[Records from a collection]
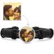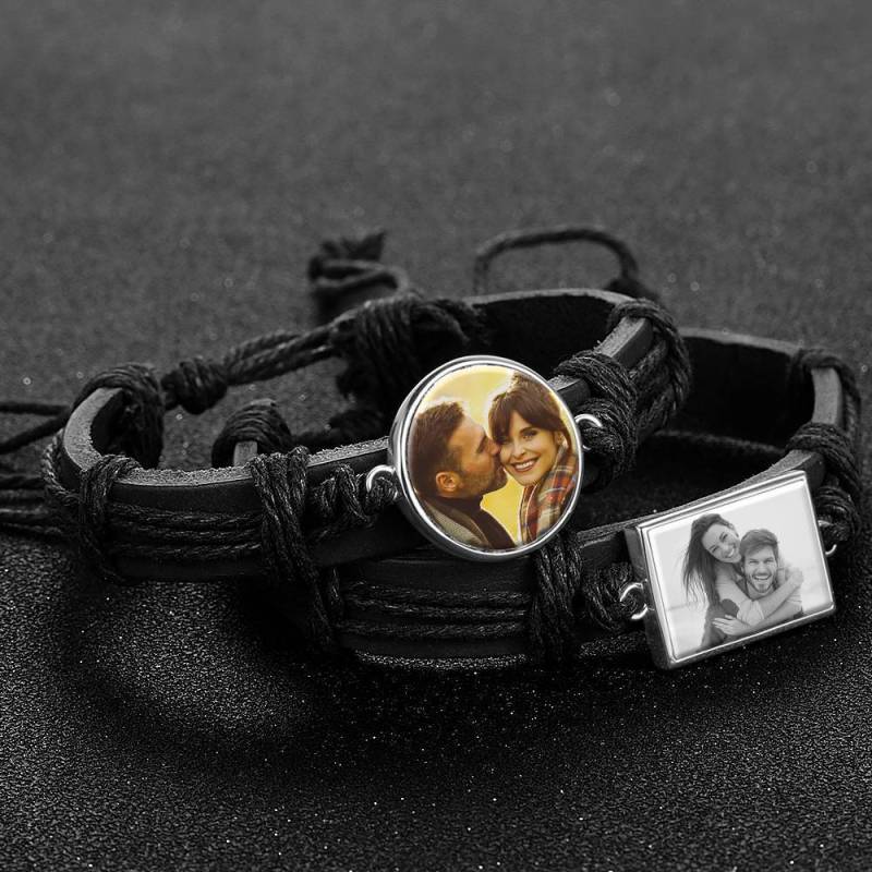 Foto Armband, Andenken Geschenk Schwarzes Leder Runde Silber Platiniert - Bunt
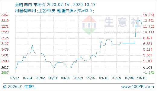 10月13日豆粕3282.50元/吨 5天上涨4.70%
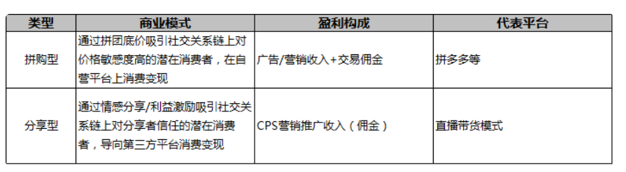 該模式下,平臺(tái)依托社交關(guān)系鏈促進(jìn)用戶裂變和商品傳播,按照平臺(tái)商品是否自營(yíng)同樣可分為2類,具體的商業(yè)模式與盈利構(gòu)成如下表:
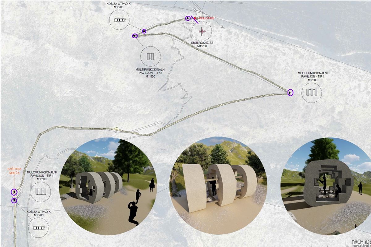 Planirana urbana oprema podrazumijeva izgradnju multifunkcionalnog paviljona od eko prirodnog materijala, a samo pošumljavanje staze će pridonijeti ojačavanju bioraznolikosti na navedenom području.
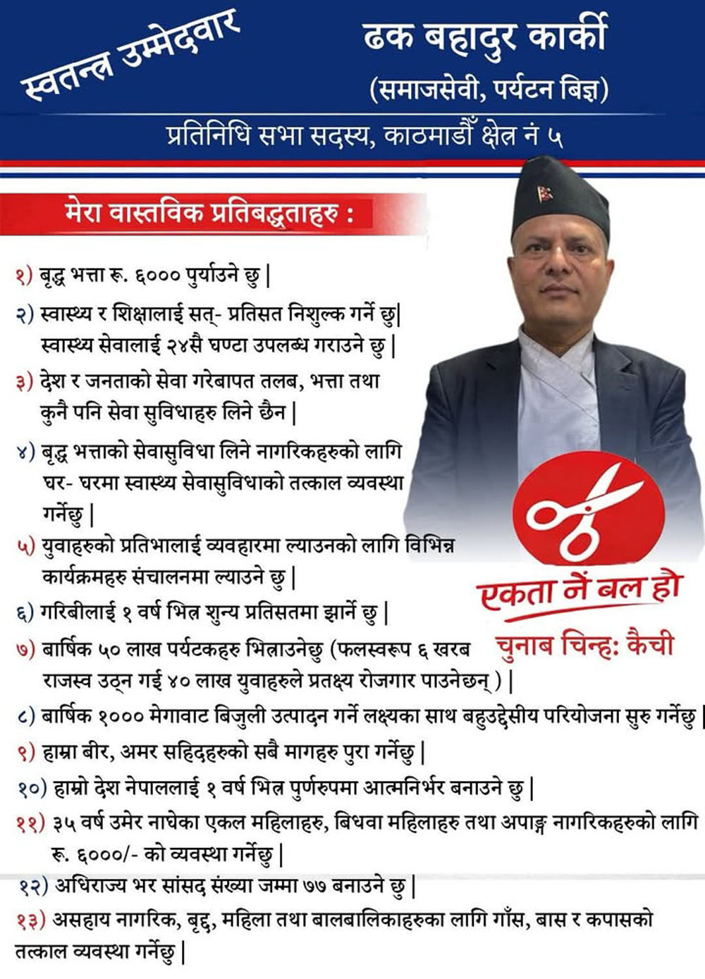 लामोकालदेखि सामाजिक तथा पर्यटन क्षेत्रमा कार्य गदै आएका बौद्धिक व्यक्तित्व ढकबहादुर कार्की (डिबी) कार्की एक असल र विकास प्रेमी व्यक्ति हुन । पछिल्लो चरणमा नेपालमा भएको व्याप्त भ्रष्टाचार र राजनीति अस्थिरताको कारण देशका हरेक क्षेत्रमा बितृष्णा उत्पन्न भएको बेला आउँदो फागुन २१ हुने प्रतिनिधिसभा निर्वाचनमा काठमाडौं क्षेत्र नम्बर ५ बाट उम्मेदवारी दिनु भएकाले उहाँसँग यसै बिषयमा समर रोकायाले लिएका बिचारहरु मतदाता तथा समग्र नागरिक समक्ष राख्दछौं ।

▶ _INSTRUCTIONS FOR THE TASK_: Skip the pictures and retype exactly the lines from the one that contains "10月13日豆粕3282.50元/吨 5天上涨4.70%" to the last line of the records.

▶ _SOLUTION TO THIS EXERCISE_:
 10月13日豆粕3282.50元/吨 5天上涨4.70%
 該模式下,平臺(tái)依托社交關(guān)系鏈促進(jìn)用戶裂變和商品傳播,按照平臺(tái)商品是否自營(yíng)同樣可分為2類,具體的商業(yè)模式與盈利構(gòu)成如下表:
 Planirana urbana oprema podrazumijeva izgradnju multifunkcionalnog paviljona od eko prirodnog materijala, a samo pošumljavanje staze će pridonijeti ojačavanju bioraznolikosti na navedenom području.
 लामोकालदेखि सामाजिक तथा पर्यटन क्षेत्रमा कार्य गदै आएका बौद्धिक व्यक्तित्व ढकबहादुर कार्की (डिबी) कार्की एक असल र विकास प्रेमी व्यक्ति हुन । पछिल्लो चरणमा नेपालमा भएको व्याप्त भ्रष्टाचार र राजनीति अस्थिरताको कारण देशका हरेक क्षेत्रमा बितृष्णा उत्पन्न भएको बेला आउँदो फागुन २१ हुने प्रतिनिधिसभा निर्वाचनमा काठमाडौं क्षेत्र नम्बर ५ बाट उम्मेदवारी दिनु भएकाले उहाँसँग यसै बिषयमा समर रोकायाले लिएका बिचारहरु मतदाता तथा समग्र नागरिक समक्ष राख्दछौं ।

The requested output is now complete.